“Every Abdellah Taia novel is written with a sense of urgency and immediacy. Here lives sensuousness and passion, a fusion of love and violence. Taia’s language arouses the reader’s senses. Reading Living in Your Light, I felt I was hearing a dangerous secret. Taia will seem to be whispering in your ear.”
– Lynne Tillman
“Abdellah Taïa writes with great tenderness and sympathy about the intricacies and complexities of his characters' private lives. He then creates high drama from social life and sexual life and the gap between who his protagonists are and what they most desire. He is at his most brilliant in Living in Your Light.”
– Colm Toibin
“Taïa’s wonderfully ferocious and contradictory heroine Malika will make you weep and quail by turn. Her testament is a powerful antidote to the sentimentality and exoticism that so often distorts depictions of Arab womanhood.”

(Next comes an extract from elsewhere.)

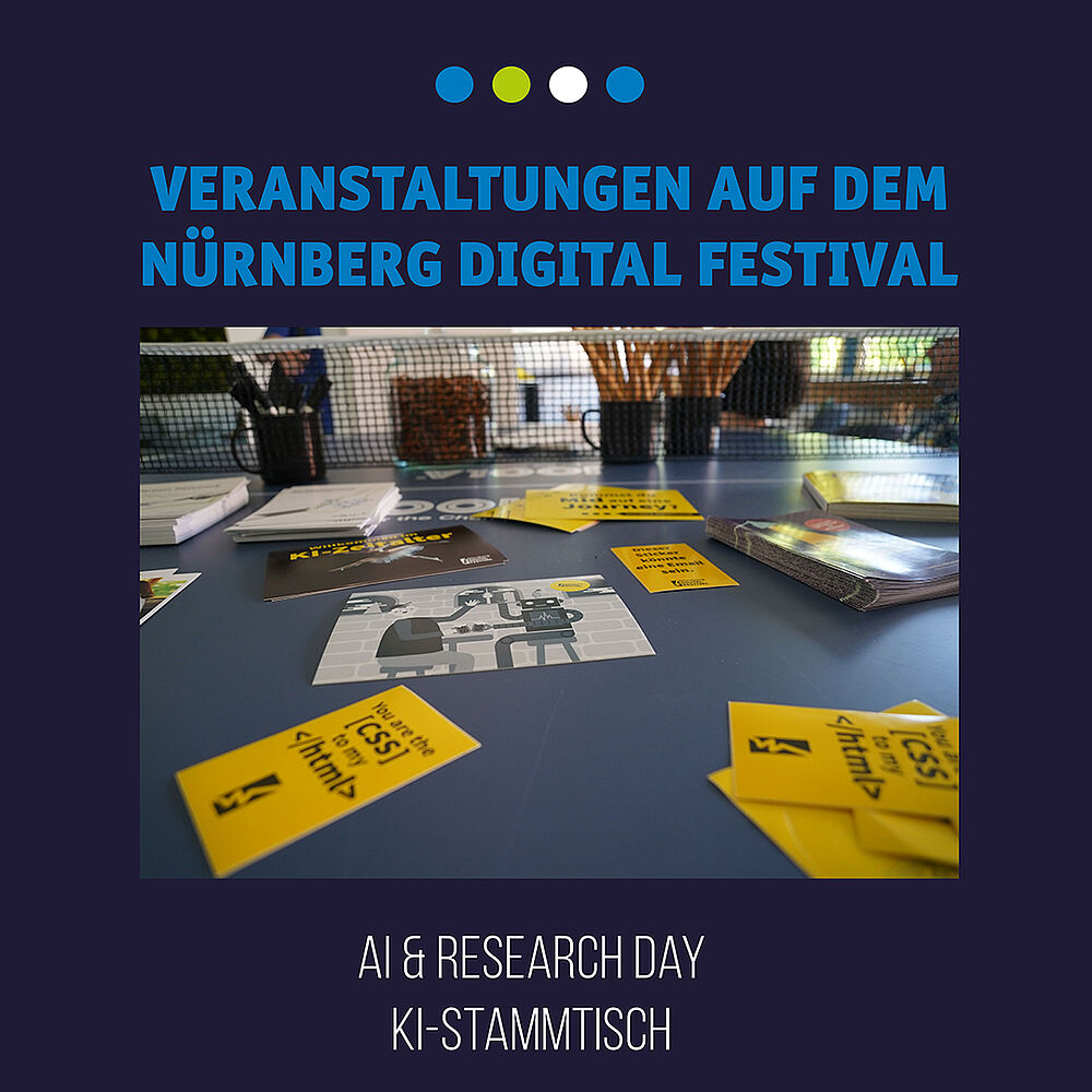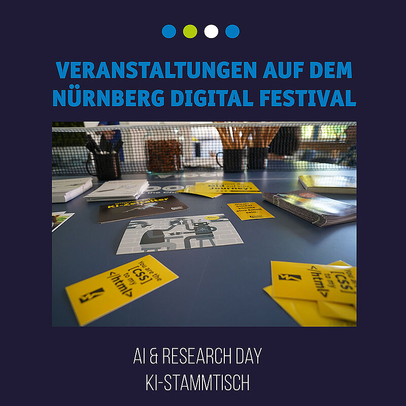 Im Rahmen des Festivals findet der „KI-Stammtisch“ am 04.07. ab 18 Uhr statt. Unter dem Thema „Sustainable AI“ werden Expertinnen und Experten wie Dr. Axel Plinge des Fraunhofer-Institut für Integrierte Schaltungen IIS oder Angelique Thummerer von "Turns" Vorträge über KI und Nachhaltigkeit halten. Zudem können Sie Beispiele der Arbeit am Frauenhofer IIS sehen. Die Anmeldung kann HIER erfolgen.

– Zoë Heller, author of Everything You Know
“Everything about Living in Your Light is unexpected. A Moroccan woman of the disappointed independence generation speaks of her struggle to keep power over her life, of what she knows of the suffering of the poor, and of women who are autonomous in a land where colonialism never went away. A poetic and fierce and original work.”
– Darryl Pinckney
“An illiterate woman from the Moroccan countryside recounts her life in Taia’s hypnotic and masterful latest (after A Country for Dying). The novel opens in the 1950s with the narrator, 17-year-old Malika, falling in love with Allal, a man with a male lover named Merzougue. After Malika and Allal marry, he leaves with the French colonial army to fight in Indochina. She and Merzougue soon learn of his death in combat, and Taia stages a touching scene in which the pair pantomime the burial of Allal’s unrecovered body in the mausoleum where Allal and Merzougue used to meet to make love. In the novel’s second section, a 30-something Malika, now remarried, faces the possibility of a new loss: a white woman from France named Monique wants Malika’s oldest daughter Khadija to be her live-in maid. As Malika faces off against Monique, she confronts the ways in which, even after Morocco’s independence, the French are “still here, very much so.” The final section depicts an elderly Malika confronting a thief in her home, a young gay man from her neighborhood named Jaâfar, who wishes to be sent back to prison to reunite with his lover. Jaâfar was also friends with Ahmed, Malika’s gay son who cut off contact with her after he immigrated to Paris. With magnificent precision and gorgeous, understated lyricism, Taia homes in on three events in Malika’s life that, taken together, contain the historical sweep of her life and her country. This is unforgettable.”